» Problem details: Should the listing contain images, exclude them; give the rest again exactly.

(Data extract)

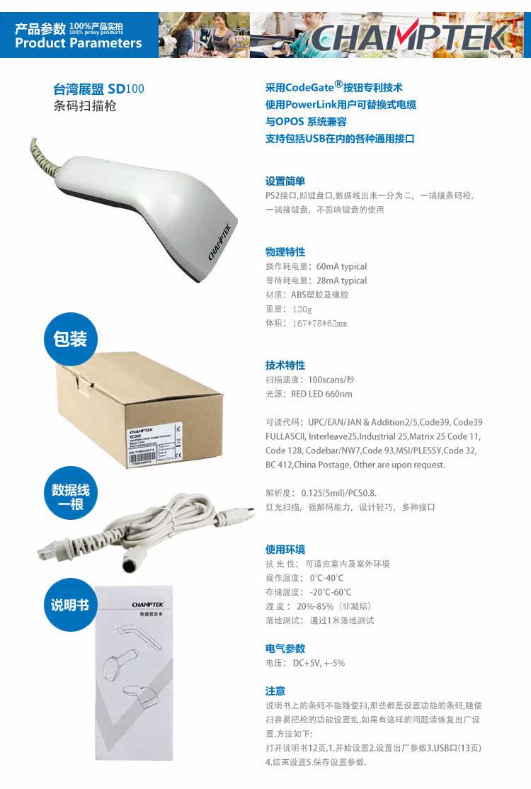 Сканирование штрих -кода сканирование сканера Сканер Инфракрасное CCD выставка Champtek Alliance SD120
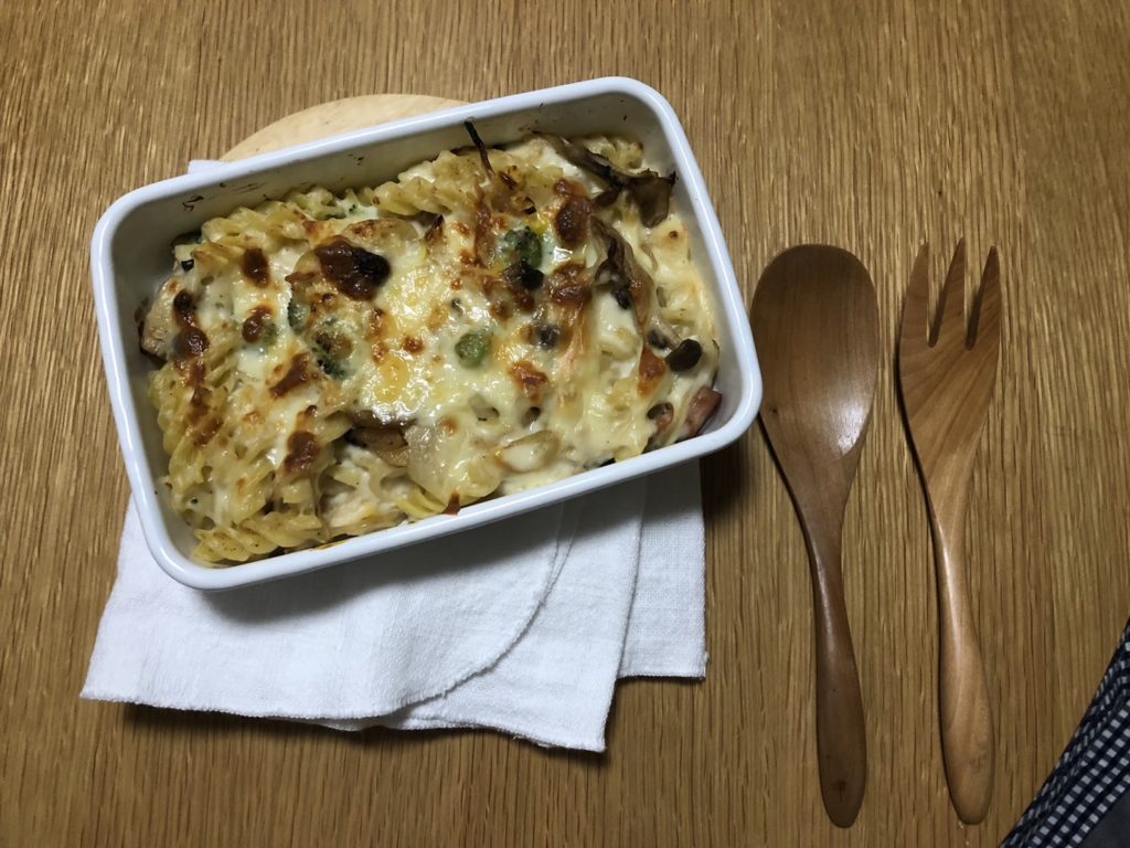 カルディで買ったショートパスタのフジッリがあるから、ホワイトソースを絡めたら…美味しそう。
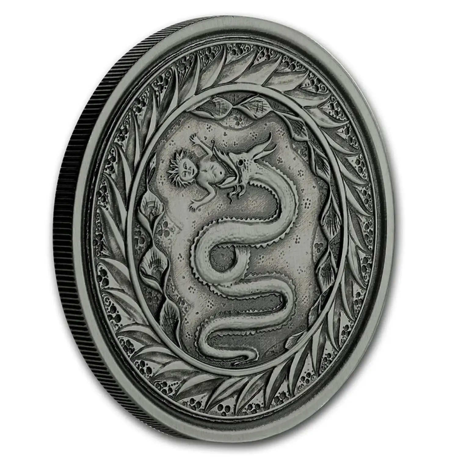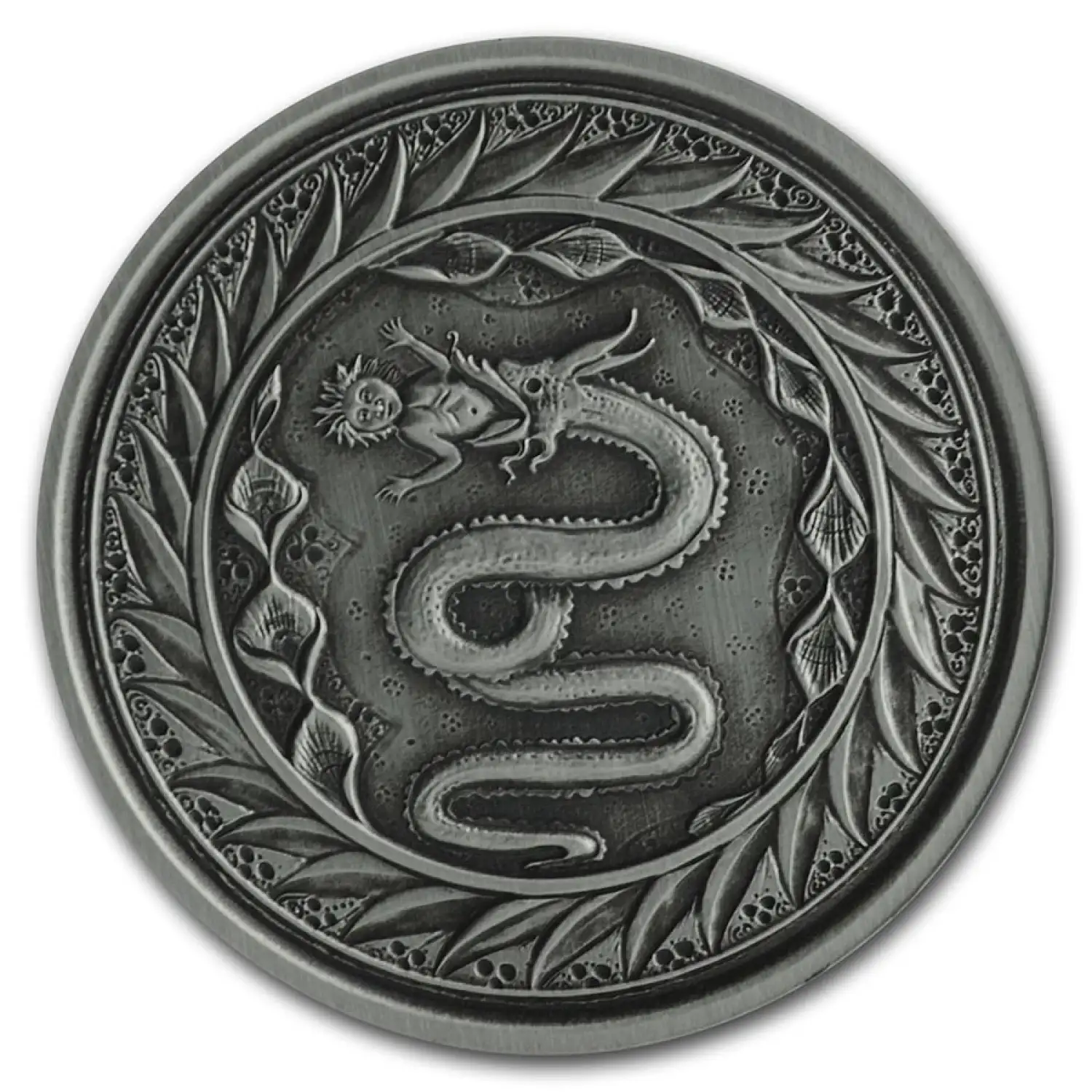 Issued from the island nation of Samoa comes this low mintage bullion coin featuring the emblem of the Visconti of Milan, a child being swallowed by a serpent. The unique artistic appeal makes this 1 oz Silver coin a rare treasure.
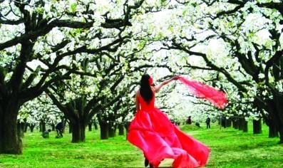 梨花白,白得让人看不出它的情绪。阳光下,千顷梨花晶莹似美玉;月光里,万顷白雪蒙眬如河汉。倘若夜来雨疏风轻,梨枝缓摆,颤巍巍粘露欲湿,自在花落轻似梦,飘飘洒洒,款款飞如蝴蝶,那满径香雪,也是风情万种。

(End Data extract)

» Answer:
 Сканирование штрих -кода сканирование сканера Сканер Инфракрасное CCD выставка Champtek Alliance SD120
 カルディで買ったショートパスタのフジッリがあるから、ホワイトソースを絡めたら…美味しそう。
 Issued from the island nation of Samoa comes this low mintage bullion coin featuring the emblem of the Visconti of Milan, a child being swallowed by a serpent. The unique artistic appeal makes this 1 oz Silver coin a rare treasure.
 梨花白,白得让人看不出它的情绪。阳光下,千顷梨花晶莹似美玉;月光里,万顷白雪蒙眬如河汉。倘若夜来雨疏风轻,梨枝缓摆,颤巍巍粘露欲湿,自在花落轻似梦,飘飘洒洒,款款飞如蝴蝶,那满径香雪,也是风情万种。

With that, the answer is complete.